The company was established in 2012 by Skype's co-founder Janus Friis, Estonian Priidu Zilmer, who led Skype's visual design for seven years, and Alan Duric, who was the co-founder of Sonorit, a VoIP startup bought by Skype in 2006.

Duric says the connections that led to the founding of Wire actually go back almost a decade earlier when he was introduced to Friis in 2003 at Global IP Sound, which was the company providing speech-coding and sound-processing technology to Skype, then still called Skyper.

Wire is based in Switzerland and has servers in the EU. With several international offices, it altogether employs between 50 and 60 staff. Counting the co-founder and the design team lead by Zilmer, six of them are Estonians. "Quite a bit of the DNA of the company," Duric says.
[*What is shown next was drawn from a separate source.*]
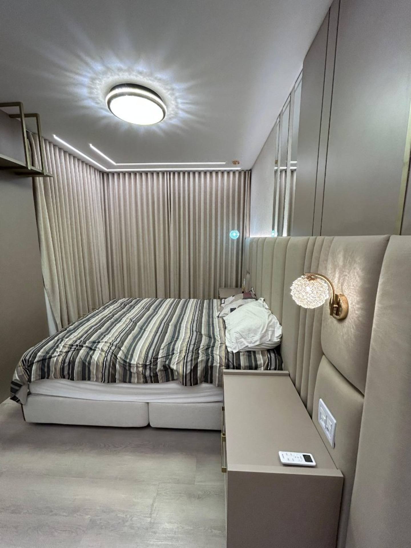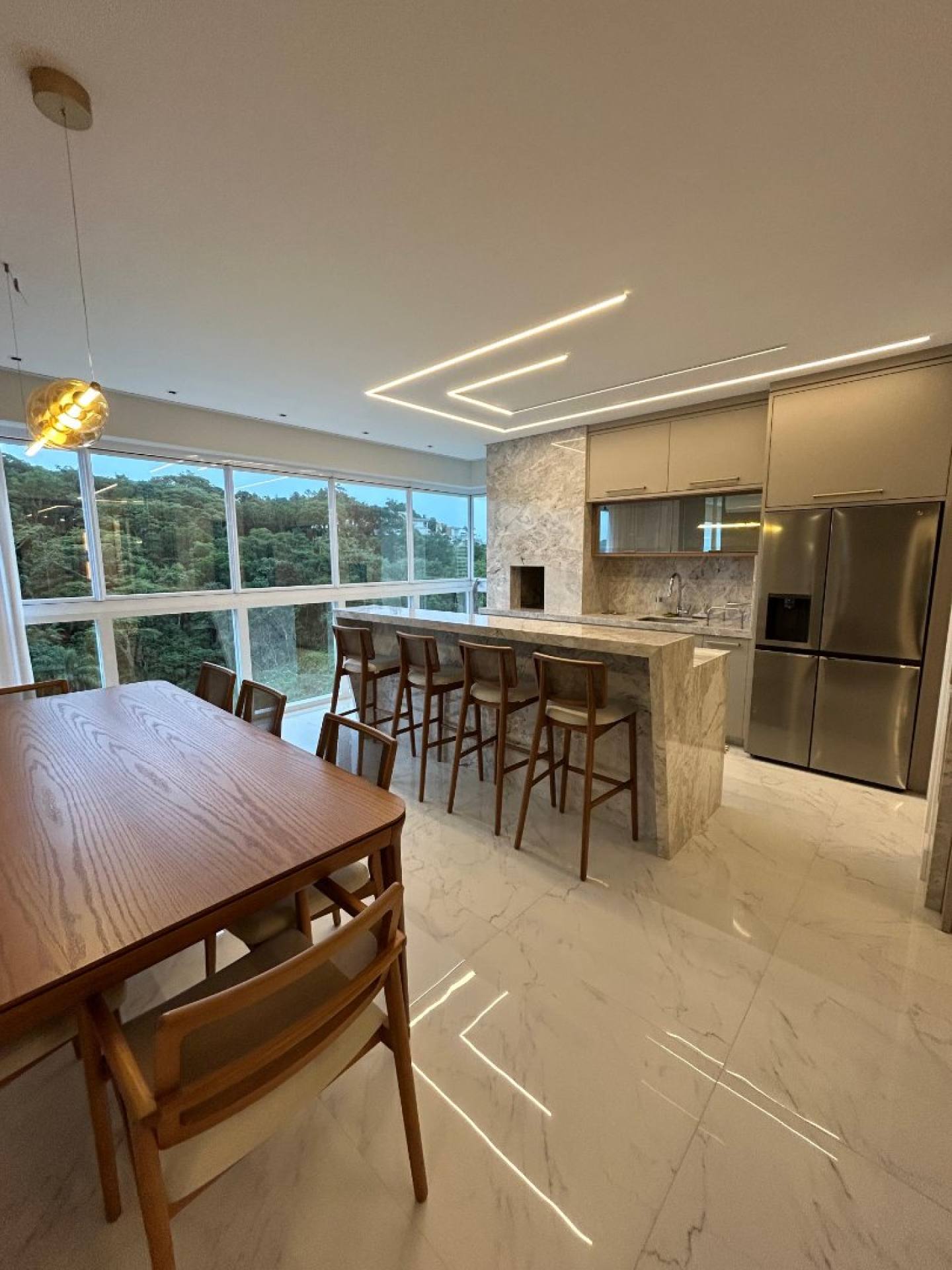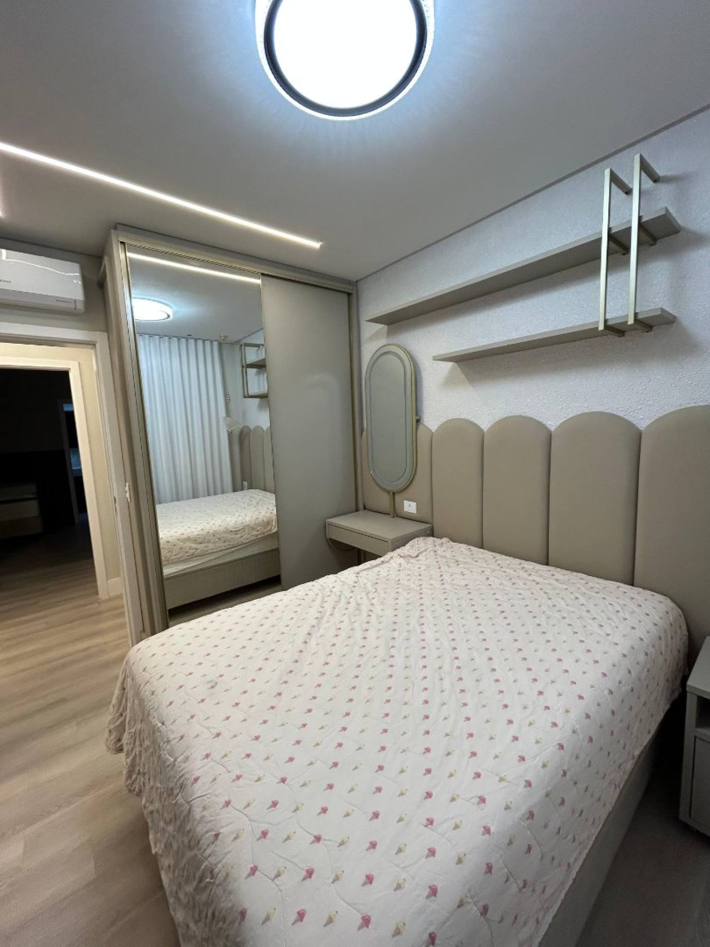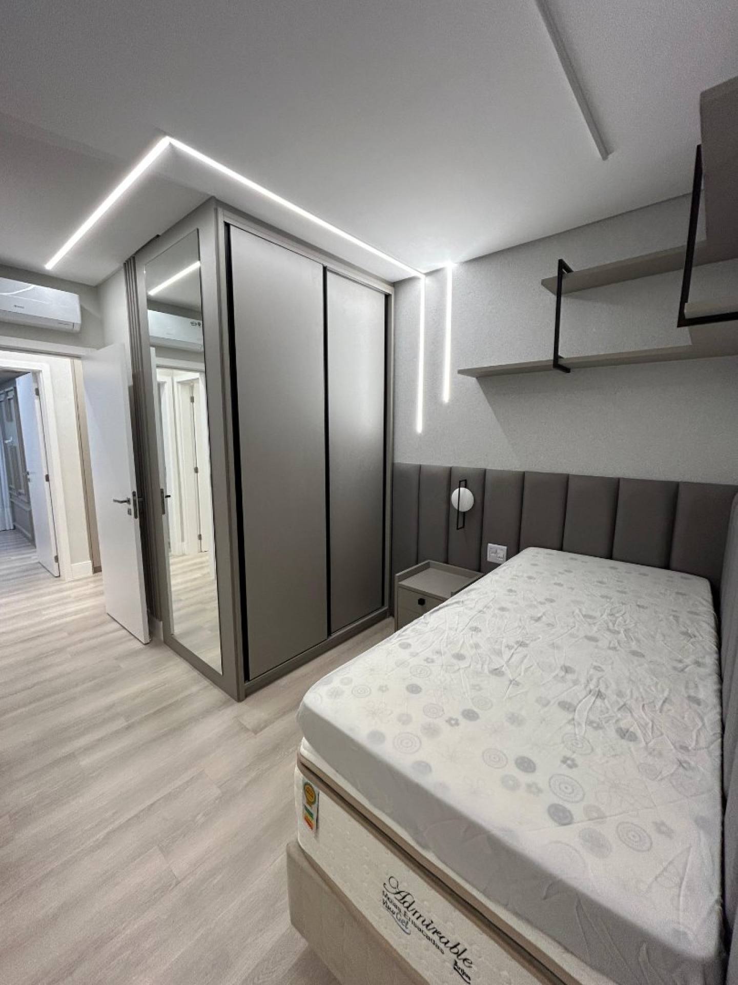 Com 3 amplas suítes e uma vista permanente para o mar, o apartamento impressiona pelo alto padrão nos acabamentos: móveis sob medida de excelente qualidade, iluminação em LED estrategicamente aplicada, detalhes em espelhos que ampliam e valorizam os espaços, além de uma ambientação moderna, elegante e acolhedora.

Wire doesn't disclose its user numbers yet. According to Duric the service is growing at the speed of between 150,000 and 250 000 users per month, and the biggest markets are countries where there is more awareness of personal data privacy issues, such as the US, Germany, and the UK.

He says although there are other, more popular services that provide end-to-end encryption, they lack the privacy and security capabilities Wire already has.

"Yes, there's one [Telegram] that has 100 million users and another [WhatsApp] that has a billion users. But with Telegram you have to actively switch conversation to the private mode. Telegram doesn't have this private mode for group chats and it doesn't support voice and video calls and neither group voice calls that we already have," he says.

Although WhatsApp does now support encryption on iOS, it still does not offer it for standalone desktops without an accompanying phone app, or for video or group calls.

He also points out WhatsApp is owned by Facebook whose primary revenue source come from data mining.

"The privacy of your own data is a foundation that's going to be appealing to a number of users. It's not necessarily going to be appealing to the whole market. When whole foods and organic food entered the market 20 to 30 years ago, they were not mainstream," he says.

"But then, within just a couple of years it became apparent to a number of people that this is the way to do it. So after some years you could see that even the big food market chains have healthy food sections even if the rest of the food is not so healthy."

By analogy, Duric argues that there's room for substantial alternatives to the bigger communication applications that, he says, are not taking much care of users' private data.

Wire's co-founder Janus Friis has publicly declared that Wire is never going to sell ads. Instead revenue will be generated mostly via premium accounts.

Duric points out that privacy doesn't end with communications and hints there are several other services that can be provided using Wire's secure platform.

"Services such as storing your, let's say, personal photos in full resolution without doing data mining on your photos. That has substantial value for quite some number of people," he says.

"Once you have services up and a platform that's known for its highest privacy and security standards, then it also opens up a number of other areas and a number of other business models that we'll be showing in a time to come."

Wire is funded by Iconical, which is a collective of designers, engineers, and entrepreneurs. According to Duric, Wire is not planning to take in any other external investments, but that situation might change in the future.